At the Opening Mass, our delegation wore t-shirts designed by an artist in our group that say “En la iglesia hay un lugar para todos, todos, todos” and my heart swelled with joy in St Peter’s Square when again our dear Pope Francis spoke the
words “tutti, tutti, tutti”. The Synod on Synodality is something very significant happening in Rome right now – as bishops, cardinals, priests, a deacon, women religious, and lay people including women and men, older adults and young, all gather together to pray and deliberate with their voice and vote. Synodality is, as well, a call for the entirety of our Church in whatever corner of the world we are in. A call to synodality as Pope Francis insists is to first listen. While Discerning Deacons and any one of us have particular hopes for the direction of our Church, being synodal means surrendering to not knowing particular outcomes – what a risk! what an act of faith! – and in the not knowing, putting our trust in the protagonist of the Holy Spirit. Truly trusting in the Holy Spirit as the protagonist I think frees us to listen better to the wisdom and baptismal dignity of each person, without our armor on or agendas in hand. It is what the Synod delegates are doing right now in Rome, sitting around round tables, and it is what we are invited to do here at home. We are a different, better, truer Church because of it.
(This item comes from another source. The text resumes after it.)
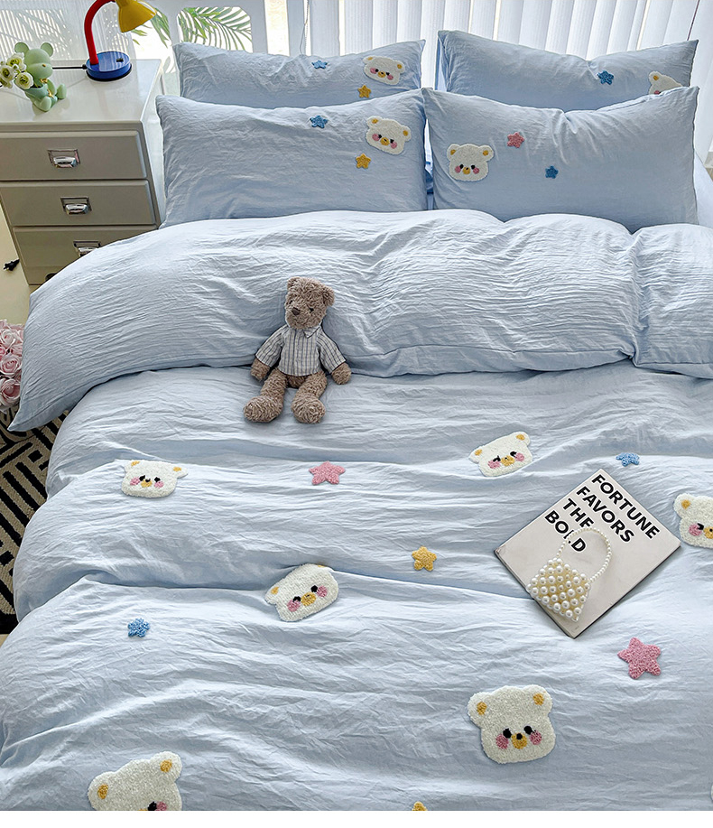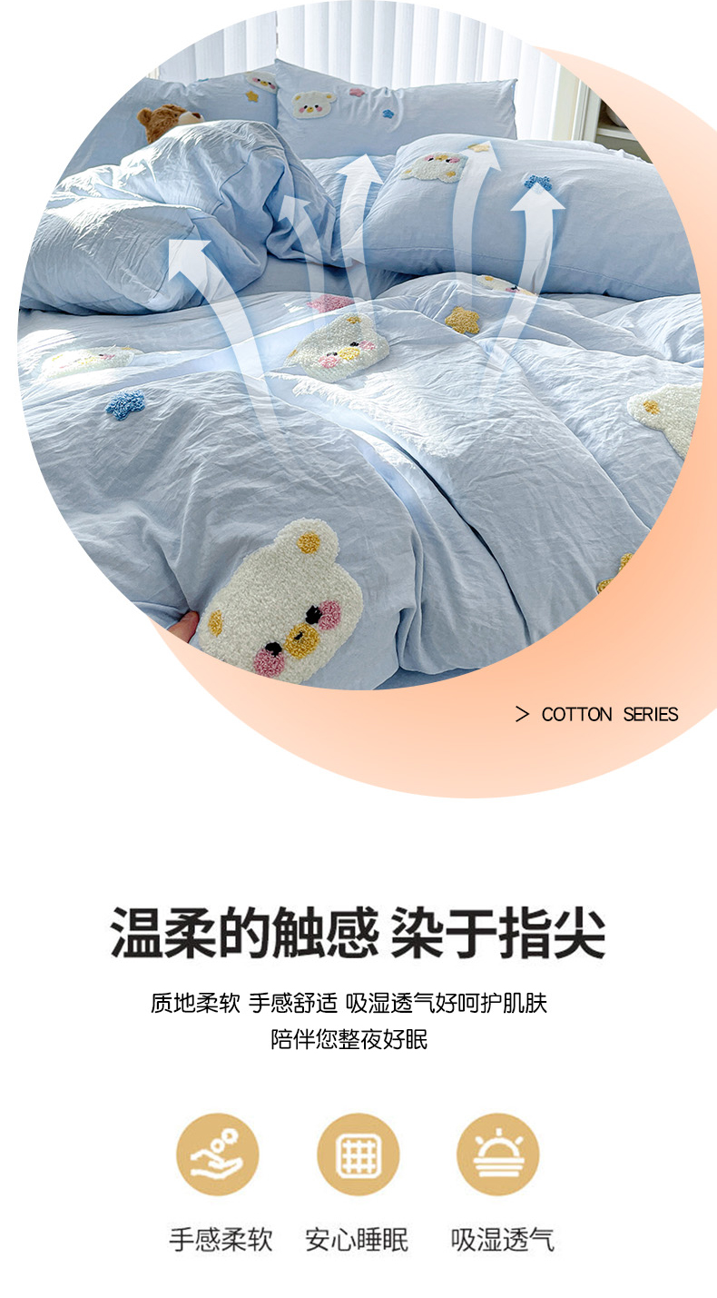 商品名称:韩巢家纺 2024新款超柔水洗棉毛巾绣单件被套-幸运熊系列(提供精美卖家秀 ) 幸运熊浅蓝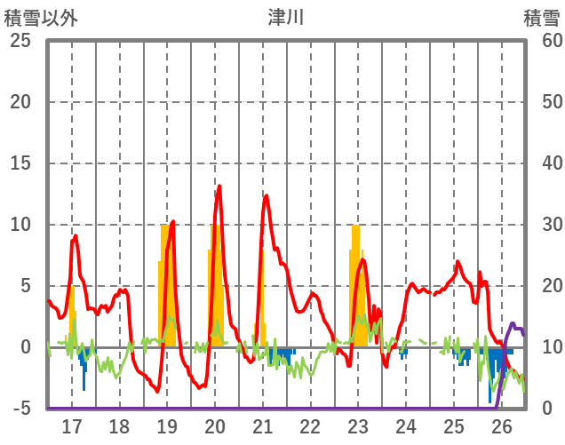 | 日 | 時 | 気温 | 降水 | 風向/風速 | 日照 | 積雪 | 降雪 |

While in Italy, our delegation traveled by train to Assisi on the eve of the Feast of Saint Francis – very special for me as someone who loves Saint Francis! I sat before the cross where Saint Francis heard God’s invitation to him to “Rebuild my Church,” in San Damiano where Saint Francis spoke his Canticle of the Sun, and in Saint Francis’ cave in the peaceful woods of Carceri. In the stillness of the Assisi countryside, I prayed for Pope Francis, the Synod delegates, and our entire Church… and those prayers deep in my heart, beyond the places of words but within the reach of God as we pray together each Sunday. The next day, on the Feast of Saint Francis, I listened to “Laudato Si” sung in St Peter’s Square, a setting so different
than the woods of Carceri, but enveloped by the same trustworthy Spirit beckoning us to listen, widen our hearts, and expand the space of our tent to todos, tutti, everyone. Praise be to you, my Lord, when we live as Church in this way.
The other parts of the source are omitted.